0
I have this excel below:
NÚMERO "URL NÚMERO 16571 SICAN" "URL DECRETOS 2011 PRINCIPAL"
1 CCIVIL_03/Atos/decretos/1991/D00001.html CCIVIL_03/decreto/1990-1994/D0001.htm
4 CCIVIL_03/Atos/decretos/1889/D00004.html CCIVIL_03/decreto/1851-1899/D0004.htm
5 CCIVIL_03/Atos/decretos/1889/D00005.html CCIVIL_03/decreto/1851-1899/D0005.htm
5 CCIVIL_03/Atos/decretos/1934/D00005.html
5 CCIVIL_03/Atos/decretos/1991/D00005.html CCIVIL_03/decreto/1990-1994/D0005.htm
7 CCIVIL_03/Atos/decretos/1991/D00007.html CCIVIL_03/decreto/1990-1994/D0007.htm
8 CCIVIL_03/Atos/decretos/1991/D00008.html CCIVIL_03/decreto/1990-1994/D0008.htm
9 CCIVIL_03/Atos/decretos/1991/D00009.html CCIVIL_03/decreto/1990-1994/D0009.htm
12 CCIVIL_03/Atos/decretos/1934/D00012.html
and developed the following code to treat values:
import pandas as pd
import numpy as np
from time import time
def truncus04(filein='../brito procv.xlsx' ):
df = pd.read_excel(filein, names=['num', 'url1', 'url2'], sheet_name='Plan7')
df2 = df.dropna()
df2['num'] = df['num'].dropna().apply(np.int64)
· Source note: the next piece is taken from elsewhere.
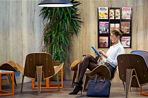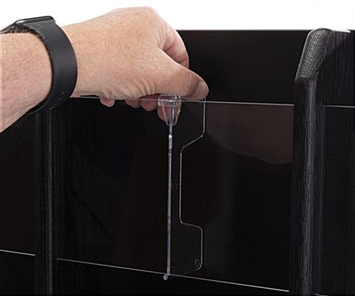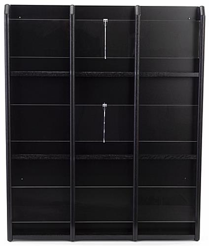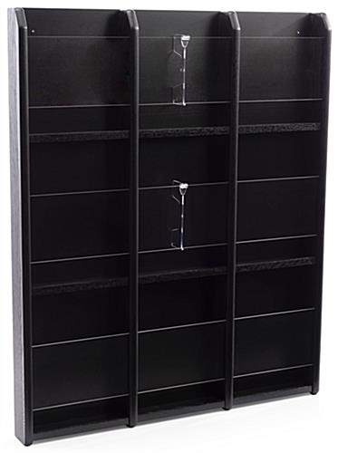 This black finish magazine rack offers a wall-mounted solution to keep reading materials organized and accessible for people to use in waiting rooms, banks, libraries and more. The literature holder is made of durable solid oak wood, ensuring a long-lasting design. This tiered wall-mounted black finish magazine rack ships completely assembled, ready to use, and it comes with 9 optional clear acrylic dividers. The inserts allow you to switch out catalogs for folded brochures when desired and provide an unobstructed view of the literature. Our optional 4″ x 9″ clear acrylic dividers will keep pamphlets from falling out and wrinkling, making it great for your office. This tiered black finish magazine rack adds a stylish yet professional look that will look great in any law firm, healthcare facility, real estate agencies, and more.

result = (df2.url1.str.split('/'))
print(type(result))
# print(result)
#df2['ano'] = df2.url1.str.split('/')[:][6]
df2['ano'] = df2.url1.str.split('/').loc[:, (6)]
# df2.to_csv('../brito_procv_{}.css'.format(int(time())), index=False)
df2 = df2.sort_values(['ano', 'num'])
df2[['num', 'ano', 'url1', 'url2']].to_csv('../brito_procv_{}.css'.format(int(time())), index=False)
return True
My goal is to create a new listing with the ['num', 'ano', 'url1', 'url2'] fields, without the empty fields.
num,ano,url1,url2
4,1889, CCIVIL_03/Atos/decretos/1889/D00004.html, CCIVIL_03/decreto/1851-1899/D0004.htm
5,1889, CCIVIL_03/Atos/decretos/1889/D00005.html, CCIVIL_03/decreto/1851-1899/D0005.htm
291,1890, CCIVIL_03/Atos/decretos/1890/D00291.html, CCIVIL_03/decreto/1851-1899/D291.htm
456,1890, CCIVIL_03/Atos/decretos/1890/D00456.html, CCIVIL_03/decreto/1851-1899/D00456.html
How to Fix My Code to Create the Year Column?